Forever Group is a Burmese private media broadcasting company, with its headquarters in Yangon, Myanmar. Forever Group is known for its close ties to the Burmese military.

== History ==
Forever Group was founded in 1996 in Myanmar by Win Maw, a former sailor who established the company to import and distribute computer and computer components. In 2004, it launched a national free-to-air television channel, MRTV-4, as a joint venture with Myanmar's Ministry of Information and state-owned Myanmar Radio and Television. The joint venture was intended to become a pro-military outlet to counter local and foreign independent media. In 2008, it launched Mandalay FM, a radio station.
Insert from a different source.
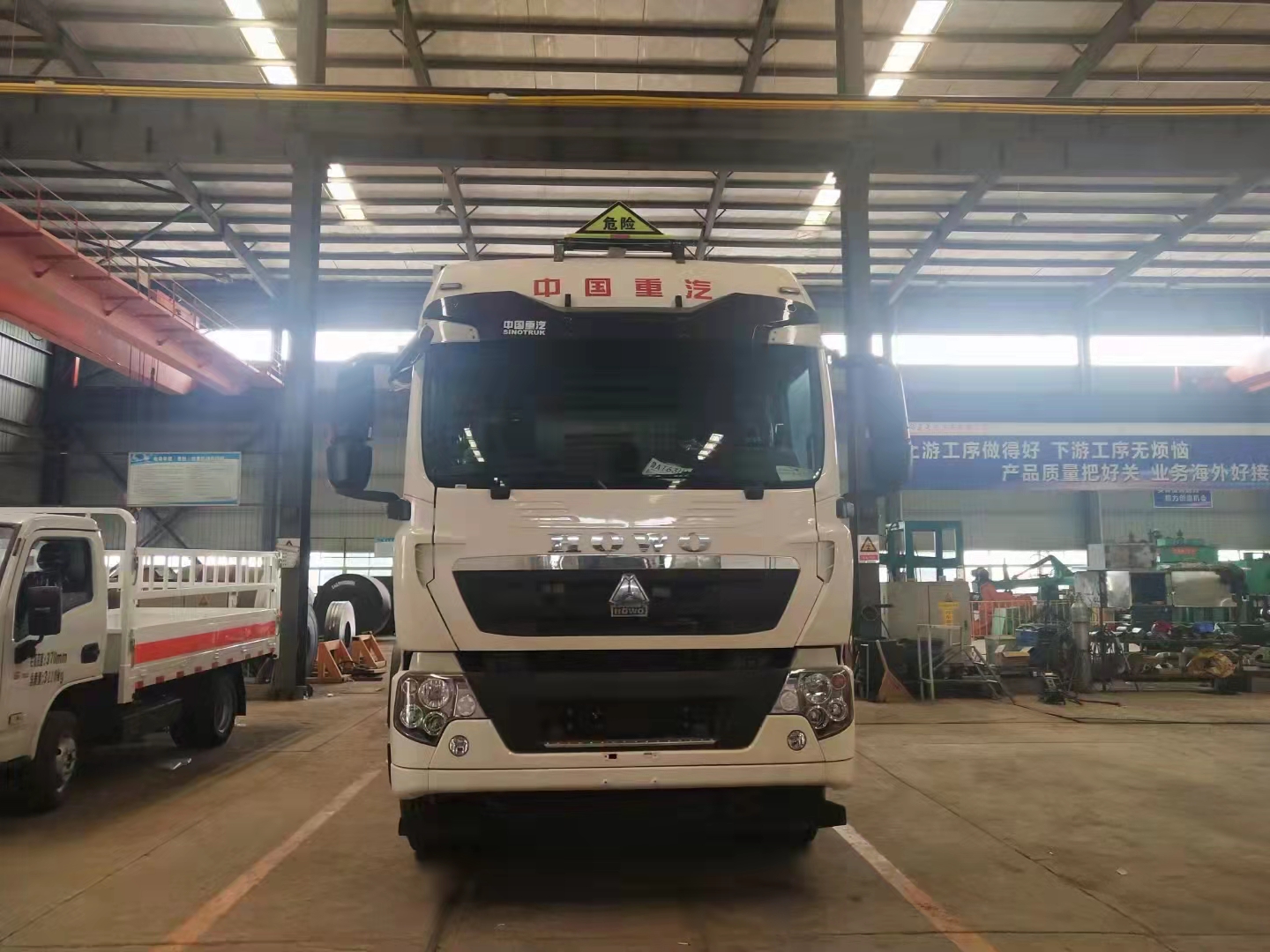 汕德卡國六9米6危險(xiǎn)品車采用的是汕德卡 G5專用車,G5-F駕駛室 ;MC07H.35-60發(fā)動(dòng)機(jī);HW13709XSTC2變速箱+HW70法蘭式取力器;VPD75D前軸(盤);MCY11BGS自調(diào)臂雙后橋(鼓);速比4.63;雙層車架(8+4/280);前少后空氣懸架(3/3/-/-);博世方向機(jī);前置排氣系統(tǒng);EBS+ESC;高位杠(全金屬);295/80R22.5;400L油箱;LDWS+FCWS;旋鈕式PTO;重汽智能通B版;電磁式電源開關(guān);轉(zhuǎn)向輪爆胎應(yīng)急裝置。

In 2016, it partnered with Thaicom to boost HDTV coverage on a Thai satellite. In 2018, French-owned CANAL+ and Forever Group launched Canal+ (Myanmar) in the Burmese market. In 2019, Forever Group produced Dancing with the Stars Myanmar, which premiered in October 2019. In the aftermath of the 2021 Myanmar coup d'état, Forever Group has organized a media propaganda campaign to counter anti-coup sentiment in the country.

== Leadership ==
Forever Group is led by Win Maw, and his deputy Thein Tun Aung, a graduate of the 22nd intake of the Defence Services Academy.

== Subsidiaries ==
Forever Group owns several national television channels, radio stations, and streaming services, including MRTV-4, Channel 7, MMDC, Canal+ (Myanmar), Mandalay FM, and Pyone Play.